### [Input]
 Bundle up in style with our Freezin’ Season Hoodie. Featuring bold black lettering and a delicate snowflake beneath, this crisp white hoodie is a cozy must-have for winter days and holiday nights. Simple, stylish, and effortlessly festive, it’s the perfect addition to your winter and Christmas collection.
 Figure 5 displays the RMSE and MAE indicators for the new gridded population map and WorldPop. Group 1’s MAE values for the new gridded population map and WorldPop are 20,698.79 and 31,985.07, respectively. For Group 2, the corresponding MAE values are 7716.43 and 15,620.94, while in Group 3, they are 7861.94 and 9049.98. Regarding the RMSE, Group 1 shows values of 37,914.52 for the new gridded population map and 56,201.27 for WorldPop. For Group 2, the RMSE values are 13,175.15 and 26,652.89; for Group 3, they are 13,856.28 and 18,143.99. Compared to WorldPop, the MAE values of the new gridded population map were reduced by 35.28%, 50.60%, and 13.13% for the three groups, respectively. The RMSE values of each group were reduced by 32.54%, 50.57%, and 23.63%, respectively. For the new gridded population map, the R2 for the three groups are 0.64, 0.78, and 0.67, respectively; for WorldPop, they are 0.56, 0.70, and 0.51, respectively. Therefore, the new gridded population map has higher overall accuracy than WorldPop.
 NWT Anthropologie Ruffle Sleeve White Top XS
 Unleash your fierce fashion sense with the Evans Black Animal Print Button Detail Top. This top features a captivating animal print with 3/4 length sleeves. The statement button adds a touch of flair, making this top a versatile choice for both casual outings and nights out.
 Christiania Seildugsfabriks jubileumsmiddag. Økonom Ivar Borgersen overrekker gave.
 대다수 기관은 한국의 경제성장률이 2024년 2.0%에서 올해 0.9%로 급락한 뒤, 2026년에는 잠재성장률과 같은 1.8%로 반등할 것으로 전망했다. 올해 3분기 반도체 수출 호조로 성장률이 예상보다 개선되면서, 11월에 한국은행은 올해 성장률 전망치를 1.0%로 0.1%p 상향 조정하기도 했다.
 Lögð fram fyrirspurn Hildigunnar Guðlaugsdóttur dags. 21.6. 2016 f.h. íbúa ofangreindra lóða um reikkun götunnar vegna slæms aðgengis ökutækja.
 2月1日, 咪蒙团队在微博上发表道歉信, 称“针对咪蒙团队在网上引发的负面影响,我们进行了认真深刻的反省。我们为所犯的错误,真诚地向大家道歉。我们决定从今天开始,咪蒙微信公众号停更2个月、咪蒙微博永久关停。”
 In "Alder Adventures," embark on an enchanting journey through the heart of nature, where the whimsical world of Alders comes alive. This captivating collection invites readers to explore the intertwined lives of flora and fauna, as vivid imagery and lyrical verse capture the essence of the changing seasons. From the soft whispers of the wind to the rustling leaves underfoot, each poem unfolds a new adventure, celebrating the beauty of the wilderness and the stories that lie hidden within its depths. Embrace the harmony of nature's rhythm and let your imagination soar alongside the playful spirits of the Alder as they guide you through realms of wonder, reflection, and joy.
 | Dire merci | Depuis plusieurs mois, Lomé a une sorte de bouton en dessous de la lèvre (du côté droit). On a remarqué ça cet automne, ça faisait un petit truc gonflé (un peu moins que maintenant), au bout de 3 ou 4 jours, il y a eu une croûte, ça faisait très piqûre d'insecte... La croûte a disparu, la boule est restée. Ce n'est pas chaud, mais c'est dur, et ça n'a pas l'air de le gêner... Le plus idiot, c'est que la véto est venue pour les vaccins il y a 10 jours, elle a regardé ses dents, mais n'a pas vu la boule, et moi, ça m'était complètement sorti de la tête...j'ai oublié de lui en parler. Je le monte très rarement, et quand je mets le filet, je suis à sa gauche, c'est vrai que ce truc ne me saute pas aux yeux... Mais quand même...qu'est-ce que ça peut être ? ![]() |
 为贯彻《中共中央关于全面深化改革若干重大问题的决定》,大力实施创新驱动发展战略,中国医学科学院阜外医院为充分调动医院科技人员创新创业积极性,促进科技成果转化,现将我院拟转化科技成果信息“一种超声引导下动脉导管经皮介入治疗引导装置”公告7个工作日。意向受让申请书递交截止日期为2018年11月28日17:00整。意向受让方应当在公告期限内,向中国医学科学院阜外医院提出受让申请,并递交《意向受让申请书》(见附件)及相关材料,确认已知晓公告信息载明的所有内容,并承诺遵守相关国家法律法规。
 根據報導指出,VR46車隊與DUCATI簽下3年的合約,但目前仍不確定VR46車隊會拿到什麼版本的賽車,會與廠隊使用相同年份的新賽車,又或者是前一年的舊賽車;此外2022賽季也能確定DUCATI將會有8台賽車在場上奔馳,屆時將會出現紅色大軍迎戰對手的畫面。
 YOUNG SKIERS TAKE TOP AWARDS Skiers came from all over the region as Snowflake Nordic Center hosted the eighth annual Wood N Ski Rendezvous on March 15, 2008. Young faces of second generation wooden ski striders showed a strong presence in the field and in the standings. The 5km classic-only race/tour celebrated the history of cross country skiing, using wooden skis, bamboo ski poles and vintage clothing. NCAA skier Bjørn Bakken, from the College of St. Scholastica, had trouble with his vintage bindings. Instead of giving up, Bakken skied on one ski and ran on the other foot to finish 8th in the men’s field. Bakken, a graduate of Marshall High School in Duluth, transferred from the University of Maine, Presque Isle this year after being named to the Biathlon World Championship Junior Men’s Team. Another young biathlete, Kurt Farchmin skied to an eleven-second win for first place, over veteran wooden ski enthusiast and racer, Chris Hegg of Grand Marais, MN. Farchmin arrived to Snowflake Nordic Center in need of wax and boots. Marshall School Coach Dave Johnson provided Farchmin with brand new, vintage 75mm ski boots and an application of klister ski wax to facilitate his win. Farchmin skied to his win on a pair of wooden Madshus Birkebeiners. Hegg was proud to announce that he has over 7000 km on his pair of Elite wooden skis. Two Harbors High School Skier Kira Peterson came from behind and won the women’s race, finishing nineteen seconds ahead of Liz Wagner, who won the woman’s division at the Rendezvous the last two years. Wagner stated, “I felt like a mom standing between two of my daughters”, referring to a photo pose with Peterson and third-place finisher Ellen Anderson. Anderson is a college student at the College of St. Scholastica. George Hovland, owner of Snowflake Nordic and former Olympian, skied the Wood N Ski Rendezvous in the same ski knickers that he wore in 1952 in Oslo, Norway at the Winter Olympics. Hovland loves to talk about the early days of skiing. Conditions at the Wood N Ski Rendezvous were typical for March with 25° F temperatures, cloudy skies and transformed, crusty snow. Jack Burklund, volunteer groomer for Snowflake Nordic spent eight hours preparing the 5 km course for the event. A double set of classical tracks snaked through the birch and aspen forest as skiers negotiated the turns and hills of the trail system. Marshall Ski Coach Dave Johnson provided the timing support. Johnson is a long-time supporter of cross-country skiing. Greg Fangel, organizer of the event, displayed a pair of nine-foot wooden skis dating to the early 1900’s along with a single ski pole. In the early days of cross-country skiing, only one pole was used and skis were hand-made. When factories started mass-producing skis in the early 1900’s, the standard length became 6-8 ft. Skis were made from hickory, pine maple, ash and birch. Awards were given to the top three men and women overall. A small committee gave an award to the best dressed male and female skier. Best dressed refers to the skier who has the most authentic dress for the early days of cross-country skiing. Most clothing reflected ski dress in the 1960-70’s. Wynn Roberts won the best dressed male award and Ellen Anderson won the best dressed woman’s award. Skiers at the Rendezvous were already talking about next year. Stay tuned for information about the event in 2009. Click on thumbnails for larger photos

### [Task requirements]
Would you copy each line of the records that contains "nights"?

### [Task solution]
 Bundle up in style with our Freezin’ Season Hoodie. Featuring bold black lettering and a delicate snowflake beneath, this crisp white hoodie is a cozy must-have for winter days and holiday nights. Simple, stylish, and effortlessly festive, it’s the perfect addition to your winter and Christmas collection.
 Unleash your fierce fashion sense with the Evans Black Animal Print Button Detail Top. This top features a captivating animal print with 3/4 length sleeves. The statement button adds a touch of flair, making this top a versatile choice for both casual outings and nights out.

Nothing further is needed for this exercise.